A statement said the port was looking at an initiative to build a “test facility” and described it as “a great opportunity” for the port and the region. It said the move could make an important contribution to CO2 neutrality in shipping, which it described as “desirable and necessary”.

More than 7,700 ships called at Rostock last year, mostly ferry and RoRo ships, and the port handled approaching 26 million tons of cargo.

The port said it welcomed initiatives to establish Rostock as an “energy port”. It noted already available space capacity in the giant overseas port area, as well as existing access to electrical energy from offshore wind power and available tank storage facilities.

All were “ideally suited for the production of ‘green hydrogen’ and a fuel synthesis based on it”, the port said. It added that further potential for the direct use of hydrogen in the port lay in local heating, fertiliser production, at petrol stations or for conversion back to electricity.

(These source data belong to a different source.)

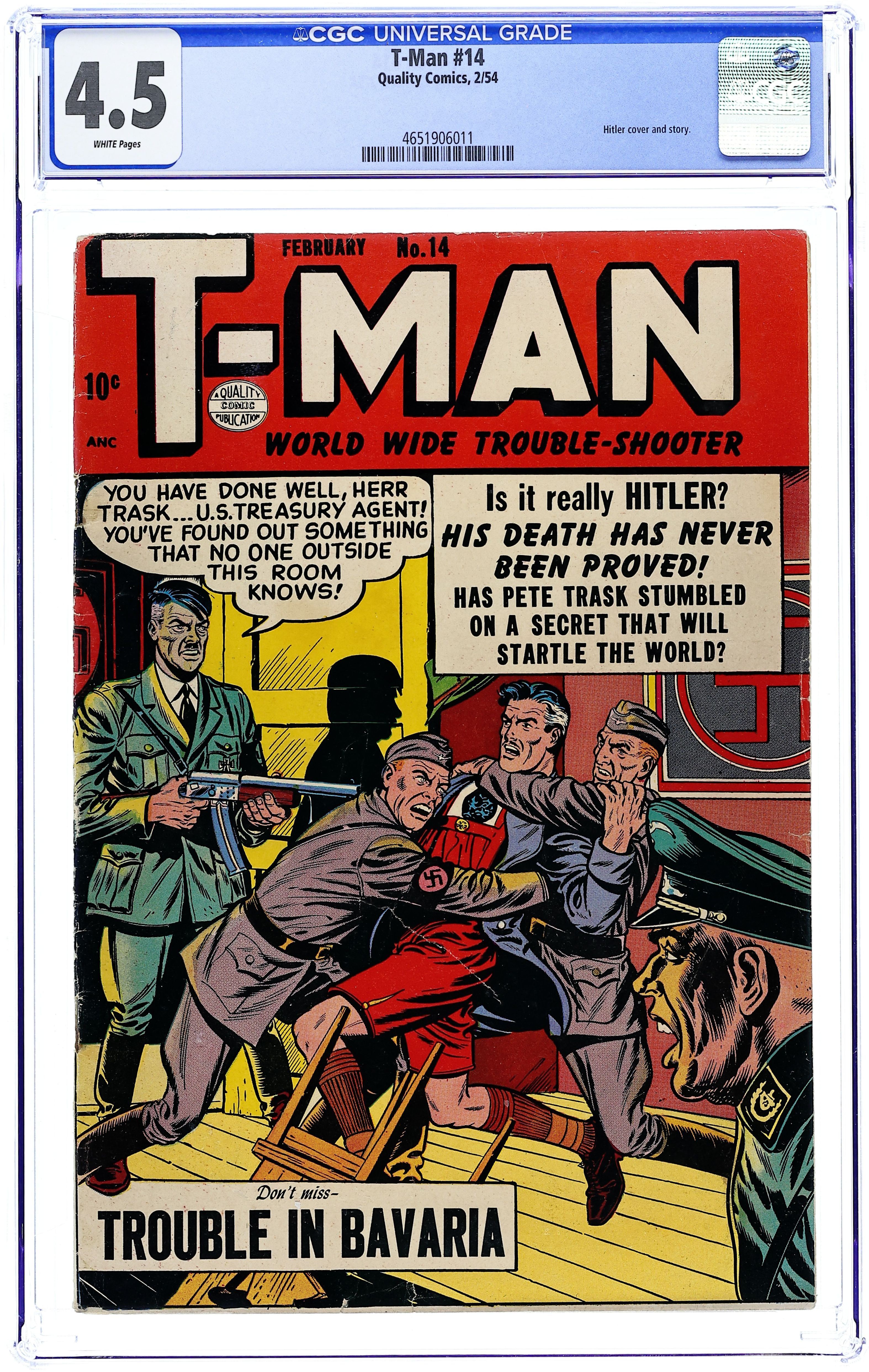 Stories by unknown. Art by Charles Sultan and unknown. U.S. Treasury Agent Pete Trask has found out something that no one outside that room knows! But is it really Hitler? His death has never been proved! Has Trask stumbled on a secret that will startle the world? Find out in "Trouble in Bavaria"! Also on this issue: T-Man in "Ultimatum of Doom!"; T-Man Tod Ellis in "The Case of the Merry Murderer" with art by Charles Sultan; 1-page text story "The Killer Who Wasn't There"; and T-Man in "Border Incident"! 32 pages, full color. Cover price $0.10.
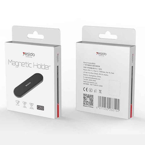 ابعاد بدنه هولدر مگنتی 6.4*1.9*.4 سانتیمتر است .جنس بدنه این محصول از آلیاژ روی و سیلیکون ساخته شده است .طراحی داخلی این محصول با 6 آهنربای قوی N50 جهت ایمن نگهداشتن گوشی در حین حرکت و دست اندازهای شهری است البته گفتنی است این مگنت ها سیگنال مزاحمی به سمت گوشی شما ارسال نمیکنند.همانطور که از سایز این محصول مشخص است طراحی کوچک و جمع و جور است به طوری که در هنگام نصب بروی داشبورد ماشین تنها 1.9 سانتیمتر فضا میگیرد .هولدر مگنتی YESIDO C83 قادر است گوشی و تبلت از سایز 3.5 الی 7 اینچ را به صورت ایمن و ثابت نگه دارد .
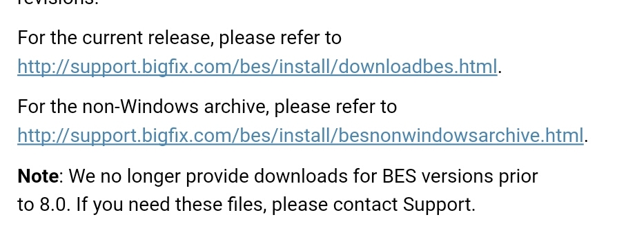 Is there a place where I can download the old 7.2 and 8.0 BigFix Client installers for old operating systems? The BigFix archive download page doesn’t go back that far.

“Shipping”, Rostock declared, “is one of the areas in the transport sector that cannot be converted short term in electric drive. The fossil fuels, from which maritime fuels are currently still being extracted, must be switched to ‘green’ fuels in the short to medium term. Hydrogen is essential for this changeover.”

Rostock Port spokesman Jörg Litschka told The Motorship the hydrogen initiative had come from a working group of economic, scientific and political interests and was still in its early stages and “a long way from being concrete”. There were no firm details yet of when contruction might begin or how long it might last . It was also not clear as yet who would build or operate the facility, which Litschka described as a “small-cale plant”. 

He revealed that the working group planned further discussions on the initiative late summer.